Aparat Bersatu Cegah Peredaran Rokok Ilegal
Klikwarta.com, Madiun - Upaya pemberantasan peredaran Barang Kena Cukai (BKC) ilegal terus dilakukan secara terpadu di wilayah Kabupaten Madiun. Anggota Koramil 0803-11/Geger bersama personel Polsek Geger dan Satpol PP Kabupaten Madiun mendampingi kegiatan Operasi Bersama BKC Ilegal yang dilaksanakan oleh Tim Satuan Tugas (Satgas) Bea Cukai Kabupaten Madiun di wilayah Kecamatan Geger, Kabupaten Madiun.
Kegiatan yang berlangsung pada hari ini tersebut merupakan bentuk sinergi lintas instansi dalam menekan peredaran rokok ilegal yang berpotensi merugikan negara dan mengganggu iklim usaha yang sehat. Operasi menyasar sejumlah titik yang diduga menjadi lokasi peredaran maupun penjualan produk hasil tembakau tanpa pita cukai resmi atau yang tidak sesuai ketentuan.
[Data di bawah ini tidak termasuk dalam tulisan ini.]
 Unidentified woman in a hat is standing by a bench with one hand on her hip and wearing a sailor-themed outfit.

Danramil 0803-11/Geger, Kapten Inf Muslihin melalui anggotanya menjelaskan bahwa pendampingan dilakukan untuk memberikan dukungan keamanan dan kelancaran selama pelaksanaan operasi di lapangan. Kehadiran aparat TNI, Polri, dan Satpol PP juga bertujuan memastikan kegiatan berjalan tertib serta memberikan edukasi kepada masyarakat terkait pentingnya mematuhi aturan cukai.
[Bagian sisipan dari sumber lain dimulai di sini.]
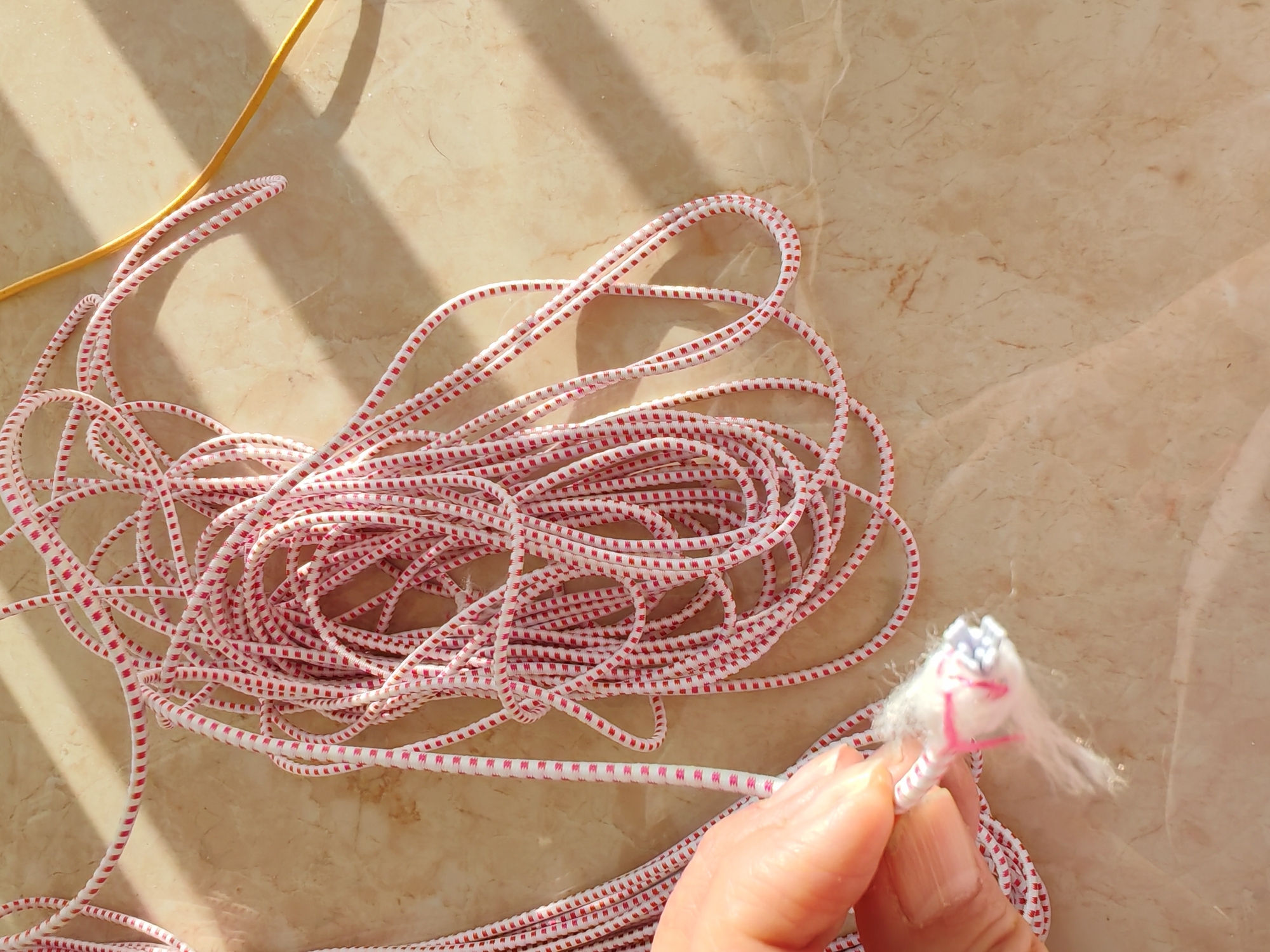 松紧带不粗但弹性可以。100米共10卷,每卷中间无额外断口接口,完完整整一根长,多芯,非常好。很诚信的店家。2024.12.2

“Operasi ini merupakan langkah nyata dalam mendukung program pemerintah untuk memberantas peredaran rokok ilegal. Selain menjaga ketertiban, kegiatan ini juga bertujuan meningkatkan kesadaran masyarakat agar tidak memperjualbelikan maupun mengonsumsi produk yang tidak memenuhi ketentuan perundang-undangan,” ujarnya.
Dalam pelaksanaannya, Tim Satgas Bea Cukai melakukan pemeriksaan terhadap sejumlah toko dan tempat usaha yang menjual produk hasil tembakau. Petugas memberikan sosialisasi kepada para pedagang mengenai ciri-ciri rokok legal serta konsekuensi hukum yang dapat dikenakan apabila terbukti memperdagangkan BKC ilegal.
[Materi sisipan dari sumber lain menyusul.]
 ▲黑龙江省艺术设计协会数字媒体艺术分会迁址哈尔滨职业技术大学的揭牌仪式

Melalui operasi gabungan ini, diharapkan peredaran rokok ilegal di wilayah Kecamatan Geger dapat diminimalkan sehingga penerimaan negara dari sektor cukai tetap terjaga dan masyarakat semakin memahami pentingnya mendukung produk yang legal dan sesuai aturan.
Kegiatan berlangsung dengan aman, tertib, dan mendapat dukungan dari masyarakat setempat sebagai bentuk komitmen bersama dalam menciptakan lingkungan yang taat hukum dan bebas dari peredaran barang kena cukai ilegal.